One of the most difficult problems facing anyone building a cluster is finding and eliminating all single points of failure. If you have a high-performance cluster that relies on a single central server to dole out tasks, failure of that node will render the entire cluster useless.
Similarly, with a load-balancing or high availability cluster, you may have a great set-up that guarantees that your servers will be running. But, if they all connect to the corporate network (or to the Internet) over a single pipe, you’re asking for trouble.
Building in redundancy is the key for supporting the hardware infrastructure and clustering software. One important pitfall to watch out for is the interconnect speed between nodes of the cluster. Trying to run a cluster across a 10 megabit Ethernet may work fine for a few nodes, but as soon as the cluster grows you may find that the network is such a bottleneck that servers are sitting idle waiting for data.
Of course, this may not be as big of a concern if your site is being hosted over a few T1 lines. But if you’ve got a T3 or higher, 10 mbps just won’t cut it when the traffic starts pumping.
As is the case with any other technology, a cluster is only as good as its implementation. A poorly configured high availability cluster may just provide you with a false sense of security and then fail when it’s called on. Also, having a good clustering solution doesn’t negate the need for daily backups and common-sense server monitoring and maintenance.
Who You Gonna Call?
If you’ve decided that you want to build a cluster for your enterprise, there are a wide variety of choices available to you. The options range from the unsupported and absolutely free (Beowulf), to the commercially supported and absolutely expensive (Red Hat High Availability Server (RHHAS, which has price tag of $1,995). See the Clustering Alternatives sidebar for a brief summary of the different systems that are available.
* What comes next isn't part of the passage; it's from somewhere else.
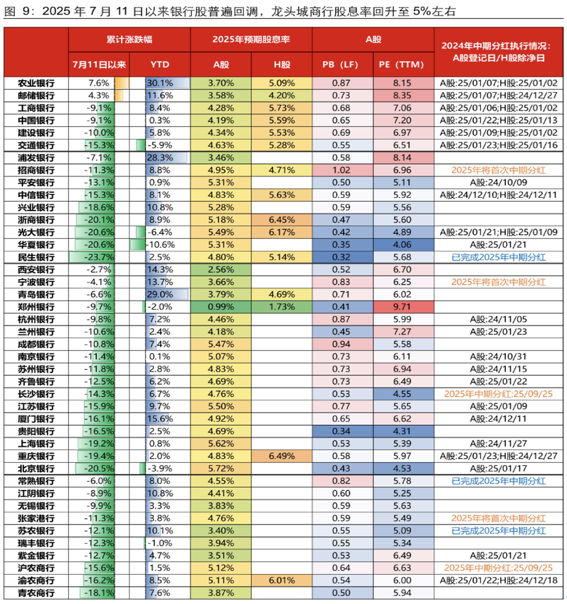 现在很多城商行的股息率回到 5% 左右了,江苏、成都银行甚至到 5.5%。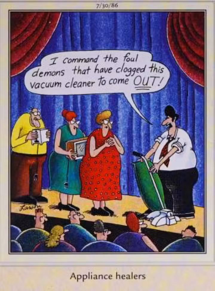 Subtitulado “curanderos de aparatos,” este Lado lejano La caricatura muestra a un hombre que hace milagros, arreglando artículos domésticos rotos simplemente imponiéndoles las manos. De esta manera, Gary Larson parodia la naturaleza escandalosa de la curación por la fe, al mostrar cuán absurda sería si se aplicara en un contexto alterado con riesgos mucho menores.

Of course, if you don’t want to shell out two grand for “free software,” you can always download one of the freely available clustering solutions and configure it yourself. You’ll forfeit the support that comes with the commercial version, but you’ll gain the satisfaction of knowing that you are staying true to the open source spirit.
For the brave souls who have decided they can forgo the commercially supported clustering solutions, the Hands on Clustering sidebar offers a step by step guide to getting the free (unsupported) version of Red Hat’s Piranha software up and running to create your own high availability server cluster.
A Linux-based cluster can do a tremendous amount to help enhance the stability, performance, and throughput of your Web site or server farm. If you run your own Web site, develop mission-critical applications, or just love to play with cool technology, you should definitely check out the clustering options available for Linux.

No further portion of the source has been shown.